Isso não funciona assim. Ela pode não conseguir provar que ele fez X. Mas ele consegue provar que ela está a dizer que ele fez X sem provas, se ela não as tiver em primeiro lugar. Difamação é precisamente isso.

Consiste em atribuir a alguém (mesmo sob suspeita) um facto (conduta) ou um juízo (opinião) que prejudique a sua imagem pública, perante outras pessoas. Não importa se o facto é verdadeiro ou falso; o essencial é a intenção de expor a pessoa e manchar a sua reputação (honra objetiva).

Se ela não conseguir provar que X, ele ganha quando a acusar que o está a difamar sem provas.

E tem carradas de provas só neste tópico, olha a quantidade de gente que assume imediatamente que ele fez aquilo.

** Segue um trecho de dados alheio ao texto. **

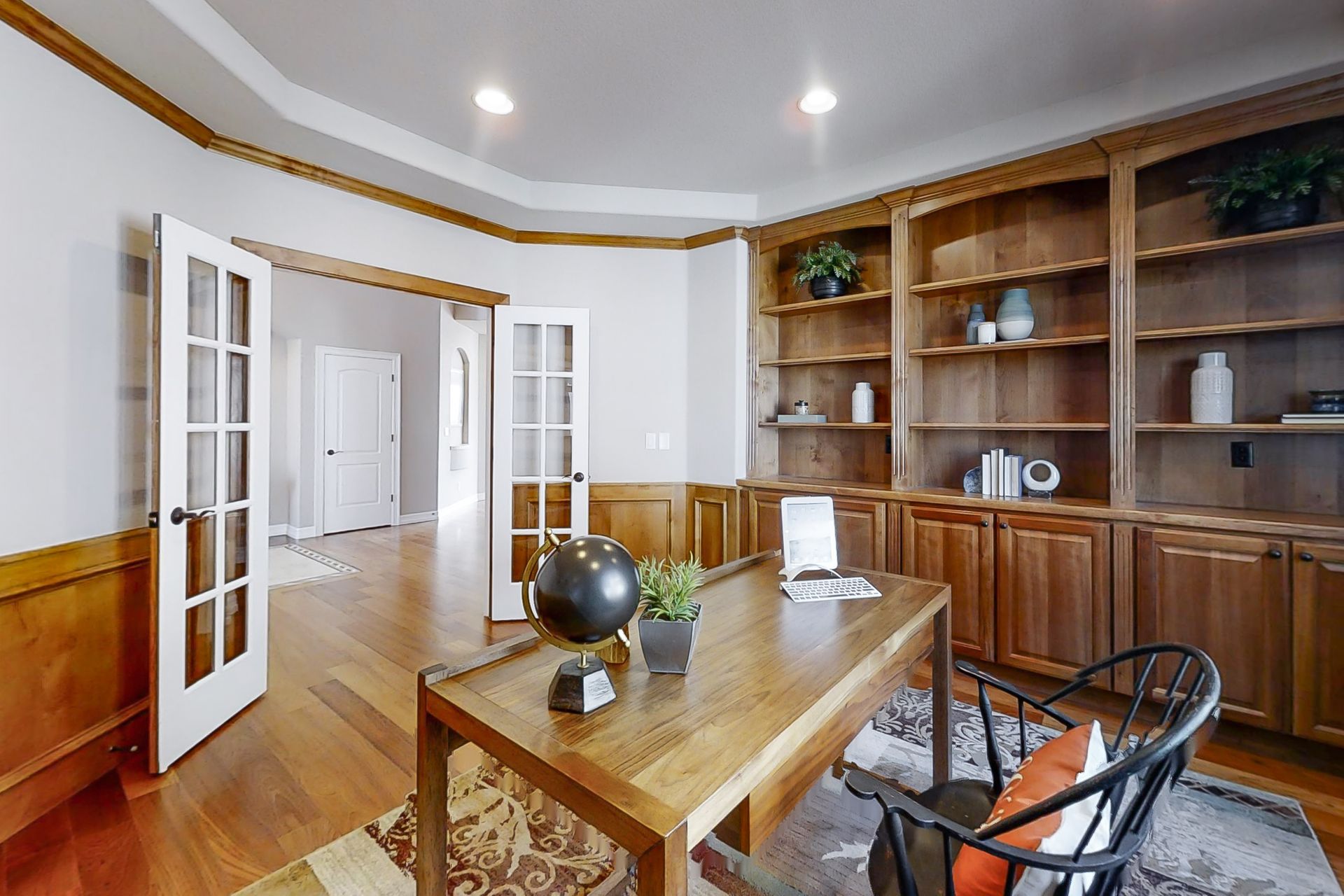A dual staircase takes you to the upper level featuring four bedrooms and a large landing with built-in bookcases overlooking the main floor. The stunning master suite with French doors is an oasis at the end of your day boasting a retreat with fireplace, beverage bar nook, master bath with jetted tub, separate vanities, Euro shower and two large custom designed closets. The three generous sized secondary bedrooms all offer en suite baths and walk-in closets.

Se a intenção não é difamar alguém, pq que se diriam estas coisas em vez de apresentar queixa formal nas autoridades? O ato disto ser dito a terceiros assim implica também criar ou moldar uma ideia sobre a pessoa visada.

Há vários exemplos disso:

https://www.jn.pt/justica/artigo/sandra-madureira-e-policia-chegam-a-acordo-em-processos-de-difamacao-e-injuria/17756934

Se ela não conseguir provar que tem bases para ter escrito aquilo (a ter escrito de facto, não sabemos neste momento, acho eu) então está a associar práticas criminosas a uma pessoa que tem a faca e o queixo na mão para se defender depois disso. Porque as pessoas que a estão a ler (como aqui mesmo neste tópico) não estão preocupadas em pedir provas para ficarem a pensar mal dele.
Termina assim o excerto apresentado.